=== Begin Enclosure ===
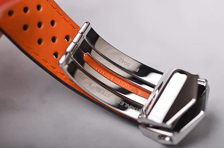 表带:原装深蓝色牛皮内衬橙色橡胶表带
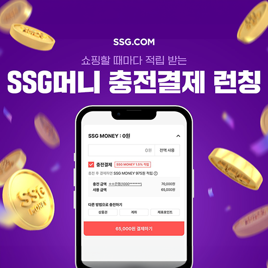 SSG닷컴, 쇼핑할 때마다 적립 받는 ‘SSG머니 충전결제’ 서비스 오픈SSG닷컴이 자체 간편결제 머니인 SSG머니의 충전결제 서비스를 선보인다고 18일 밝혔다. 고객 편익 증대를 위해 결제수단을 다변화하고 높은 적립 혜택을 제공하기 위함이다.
=== End Enclosure ===
=== Begin Enclosure ===
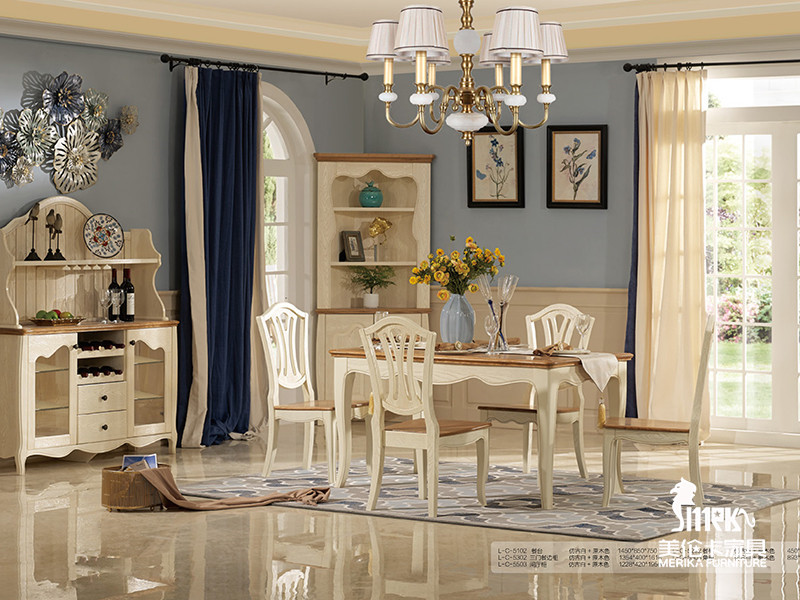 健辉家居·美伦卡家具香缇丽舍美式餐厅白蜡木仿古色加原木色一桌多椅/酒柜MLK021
=== End Enclosure ===
**Problem to work on:**
Each line above that falls between the line with "表带:原装深蓝色牛皮内衬橙色橡胶表带" and the line with "SSG닷컴, 쇼핑할 때마다" should be printed exactly, together with those two lines, but the pictures should not.

**Response for this exercise:**
 表带:原装深蓝色牛皮内衬橙色橡胶表带
 SSG닷컴, 쇼핑할 때마다 적립 받는 ‘SSG머니 충전결제’ 서비스 오픈SSG닷컴이 자체 간편결제 머니인 SSG머니의 충전결제 서비스를 선보인다고 18일 밝혔다. 고객 편익 증대를 위해 결제수단을 다변화하고 높은 적립 혜택을 제공하기 위함이다.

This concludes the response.